Former Redmond resident gets 22 years for child sex abuse
Published 12:00 am Friday, August 17, 2018
- McGuyer
A former Redmond resident will serve 22 years in prison for child sex abuse for acts that took place in 2014-15.
“I am sorry for what I’ve done, and I pray that God has mercy on me,” said Stanley Keith McGuyer, who was sentenced Wednesday in Deschutes County Circuit Court.
McGuyer, 45, will additionally serve 20 years of post-prison supervision and must register as a sex offender for life. Though originally indicted on 40 counts — 39 of them felonies — he pleaded guilty to just four: first-degree sex abuse, first-degree unlawful penetration, first-degree sodomy and incest.
Judge A. Michael Adler called the penalty “appropriate but certainly not overly harsh” for one of the worst cases he said he’d ever seen.

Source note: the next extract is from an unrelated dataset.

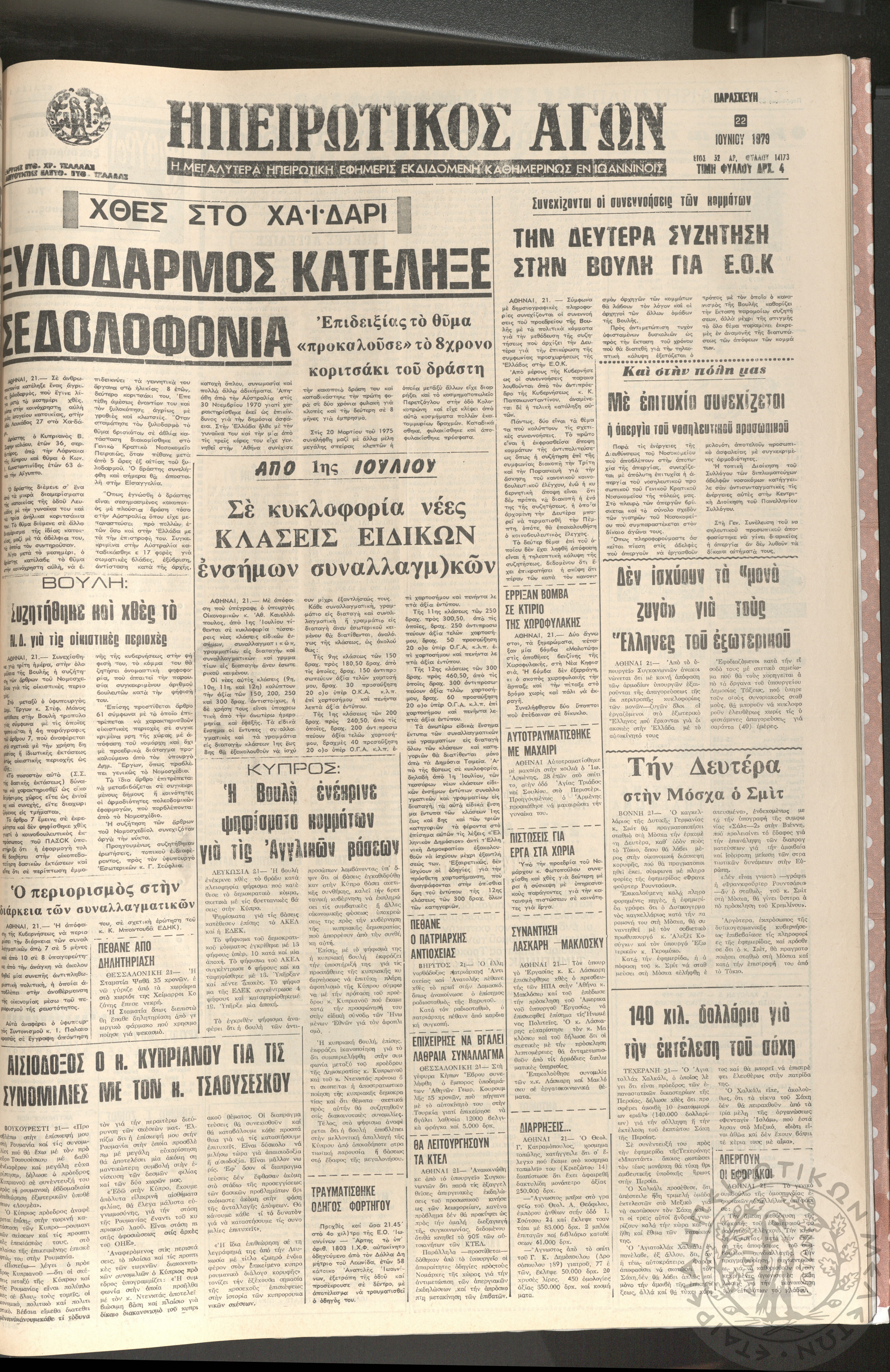 Ηπειρωτικός Αγών: η μεγαλυτέρα Ηπειρωτική εφημερίς εκδιδομένη καθημερινώς εν Ιωαννίνοις, 1979, φ. 14173Έτος 52, φ. 14173...

“I think you know the horrors you brought on your victim,” Adler said.
McGuyer lived in Redmond from 2014 to 2015, the same years the abuse took place, but later moved to Portland. The abuse had ceased for more than a year when the victim reported it to a Portland-area school counselor, who contacted the interagency Multnomah County Child Abuse Team.
Redmond detectives traveled to Portland on Feb. 6 to interview McGuyer. They arrested him at his workplace and brought him to Deschutes County, where he was held without bail.

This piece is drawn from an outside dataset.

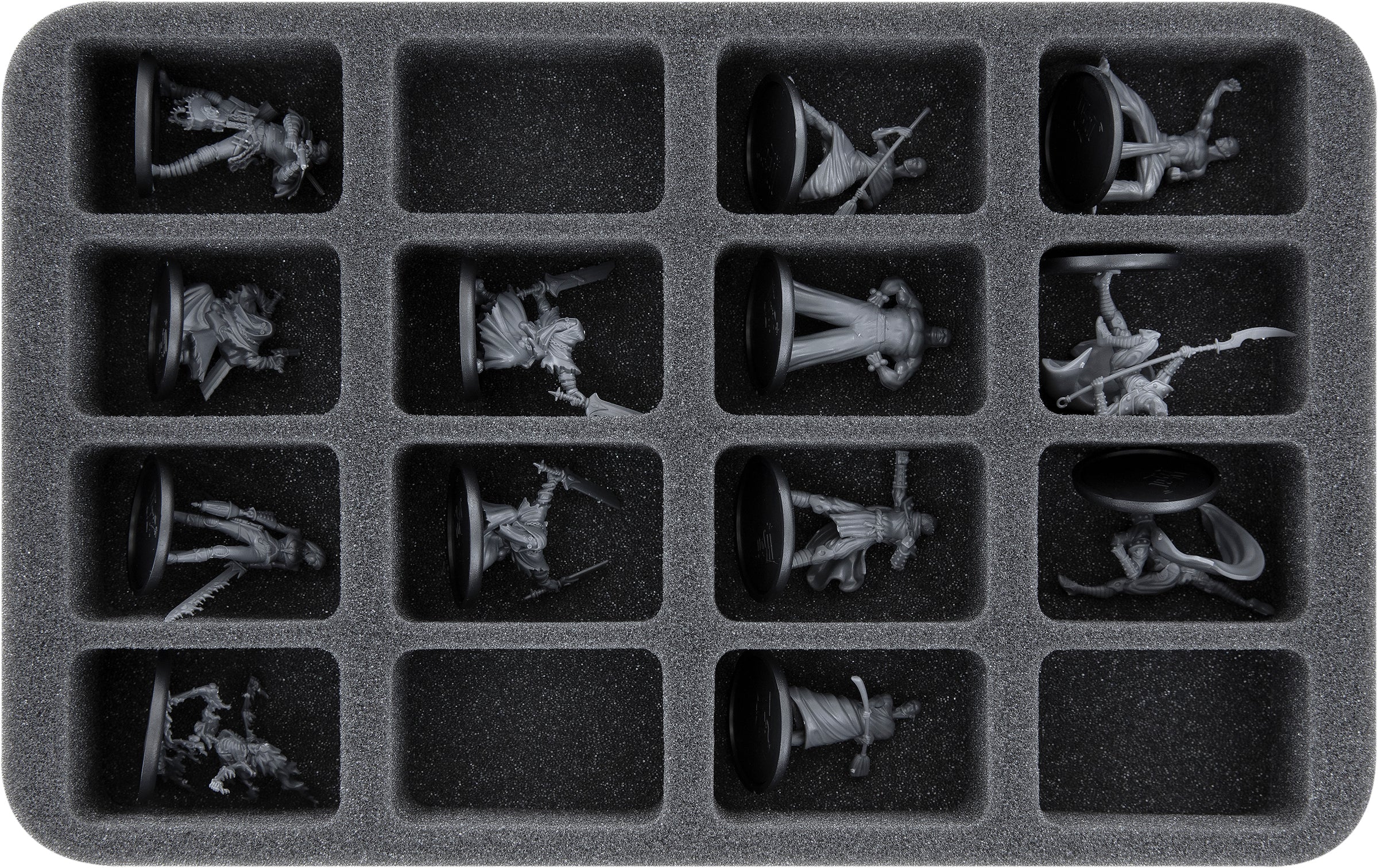 - 1 Half-Size foam tray with 16 compartments for Malifaux-Miniatures on 30 mm base like ShenLong, Primeordial Magic and miniatures of similar dimensions (HS040BF05BO).

McGuyer’s plea negotiation stretched for months. His defense attorney secured a condition that if he pleaded guilty in Deschutes County, Multnomah County officials would not pursue child pornography charges for material they allegedly found on his cellphone.
Aside from court staff, the only person attending the hearing was the victim’s mother and she did so via phone and didn’t speak when given a chance.

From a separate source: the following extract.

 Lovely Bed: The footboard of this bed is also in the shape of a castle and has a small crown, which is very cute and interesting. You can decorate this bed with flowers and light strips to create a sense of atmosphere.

The defendant sat with his head down as prosecutor Kirsten Naito of the Deschutes County District Attorney’s Office described the abuse. Adler stared at him from across the room.
“This would happen more times than the victim could articulate,” Naito said, wrapping up.
McGuyer’s lawyer, Shawn Kollie, asked the judge to not add years to the recommended sentence, saying he’d seen “sadness” in his client since his arrest.
“He did this, and he pleaded guilty,” Kollie said. “And his sentence is appropriate and what we would have expected for a crime of this magnitude.”